+++ Data listing

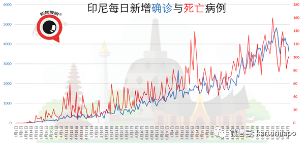 10月5日,印尼新增3622起确诊病例,累计307120起,连续27天新增3000起以上,但增速比前6天稍缓。 从图表上看,印尼疫情仍处于上升期。 当天通报102起新增死亡病例(累计11253起)。 印尼新冠死亡病例人数为东南亚最高。
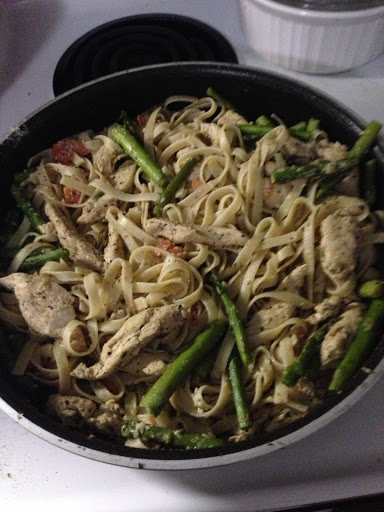 2.Meanwhile, heat the olive oil in a large skillet over medium. Add chicken and cook until lightly browned, 5 to 7 minutes, stirring. Add asparagus and basil and cook until softened, 3 minutes.
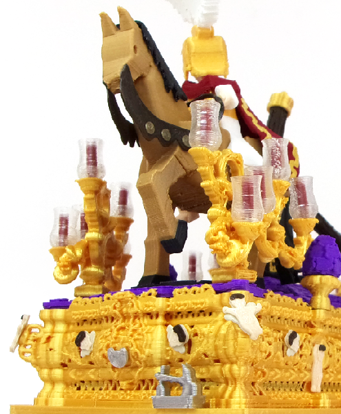 Un paso en miniatura que ofrece con gran detalle y fidelidad de uno de los pasos más icónicos de la Semana Santa sevillana.
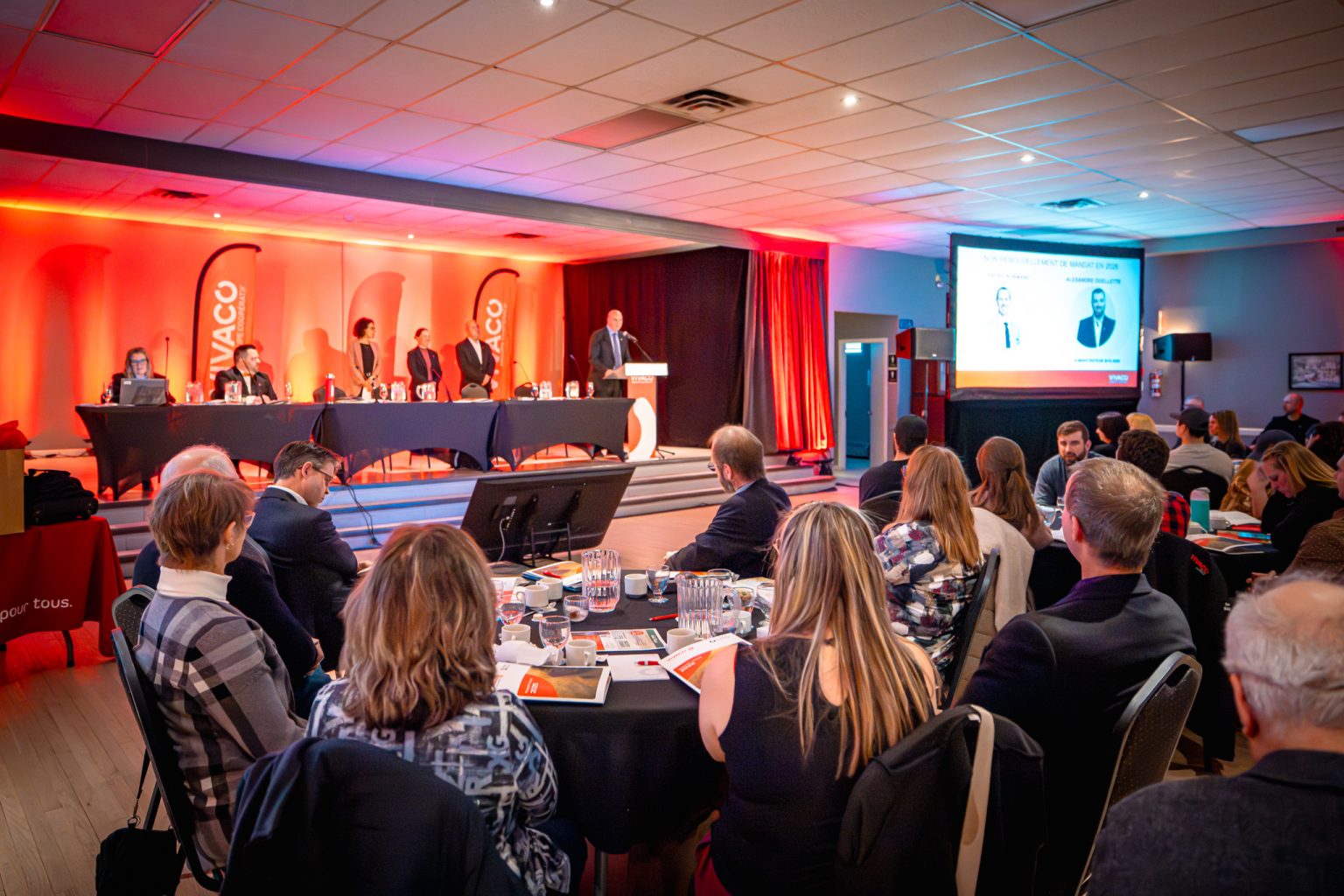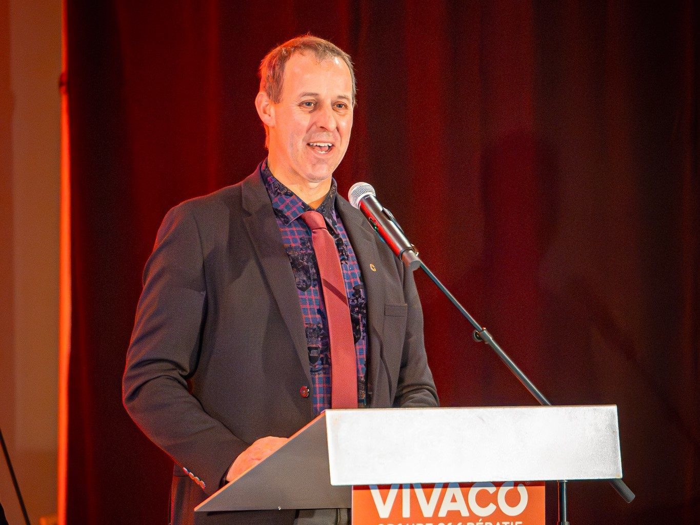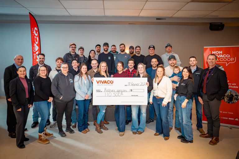 COMMUNIQUÉ – C’est lors de son assemblée générale annuelle, tenue à Warwick, que VIVACO groupe coopératif a présenté à plus de 160 convives les résultats de l’exercice terminé le 31 octobre 2025. Les dirigeants en ont profité pour souligner le 10e anniversaire de la création de VIVACO groupe coopératif en plus de rendre un hommage au président sortant André Normand. Marc-André Roy lui succède, ayant été élu président par le conseil d’administration dès la fin de l’assemblée.
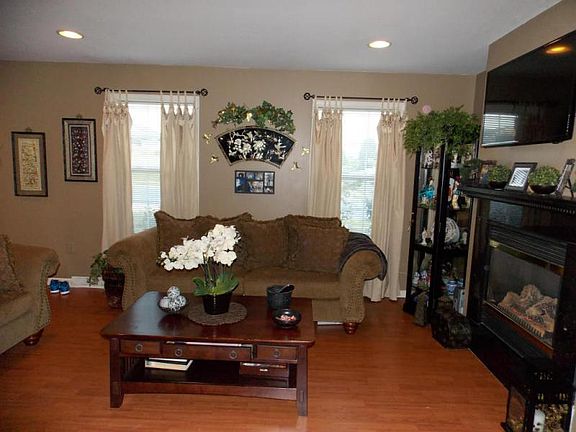 Well built & maintained home in a nice neighborhood. No build lot on right hand side & across the street for added privacy. Gas fireplace in living room runs without elec. Wood Laminate floors throughout Eat-in Kitchen, formal dining Rm, & finished bsmt w-sump pit. Master bedrm has pvt entrance to shared bath. Level, Pvt back yard w-shed. A/C unit 2 months young w-warranty.
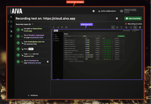 Imagine a system like AIVA, designed to test software systems, testing itself. During each test run, AIVA plays two roles at the same time:
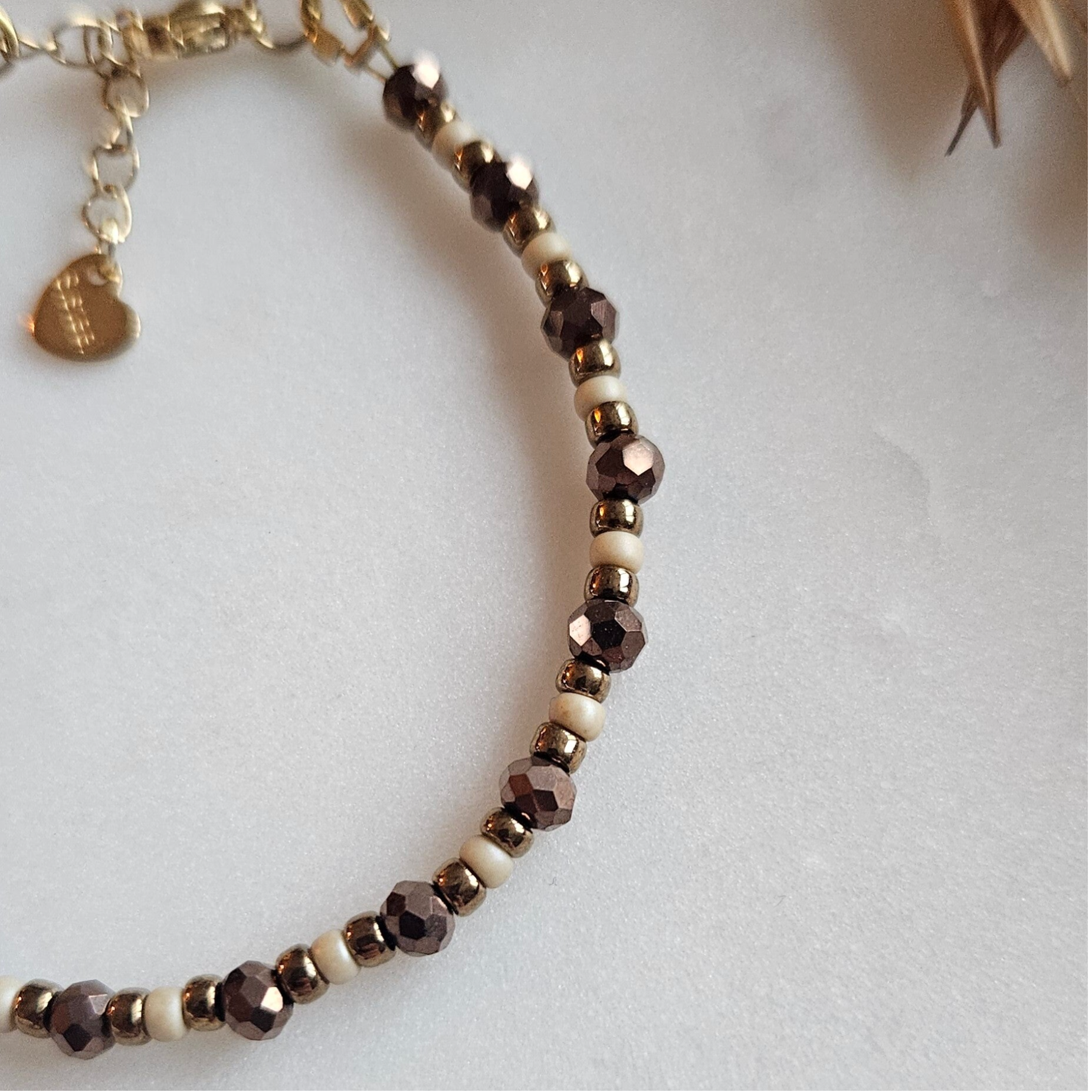 - Handgemaakte kralen armband met verschillende kleuren rocailles van Miyuki en bronze facetkralen

++++++

**What the task asks**
Images stay out, but the rest of the records must be retyped exactly.

**Answer area**
 10月5日,印尼新增3622起确诊病例,累计307120起,连续27天新增3000起以上,但增速比前6天稍缓。 从图表上看,印尼疫情仍处于上升期。 当天通报102起新增死亡病例(累计11253起)。 印尼新冠死亡病例人数为东南亚最高。
 2.Meanwhile, heat the olive oil in a large skillet over medium. Add chicken and cook until lightly browned, 5 to 7 minutes, stirring. Add asparagus and basil and cook until softened, 3 minutes.
 Un paso en miniatura que ofrece con gran detalle y fidelidad de uno de los pasos más icónicos de la Semana Santa sevillana.
 COMMUNIQUÉ – C’est lors de son assemblée générale annuelle, tenue à Warwick, que VIVACO groupe coopératif a présenté à plus de 160 convives les résultats de l’exercice terminé le 31 octobre 2025. Les dirigeants en ont profité pour souligner le 10e anniversaire de la création de VIVACO groupe coopératif en plus de rendre un hommage au président sortant André Normand. Marc-André Roy lui succède, ayant été élu président par le conseil d’administration dès la fin de l’assemblée.
 Well built & maintained home in a nice neighborhood. No build lot on right hand side & across the street for added privacy. Gas fireplace in living room runs without elec. Wood Laminate floors throughout Eat-in Kitchen, formal dining Rm, & finished bsmt w-sump pit. Master bedrm has pvt entrance to shared bath. Level, Pvt back yard w-shed. A/C unit 2 months young w-warranty.
 Imagine a system like AIVA, designed to test software systems, testing itself. During each test run, AIVA plays two roles at the same time:
 - Handgemaakte kralen armband met verschillende kleuren rocailles van Miyuki en bronze facetkralen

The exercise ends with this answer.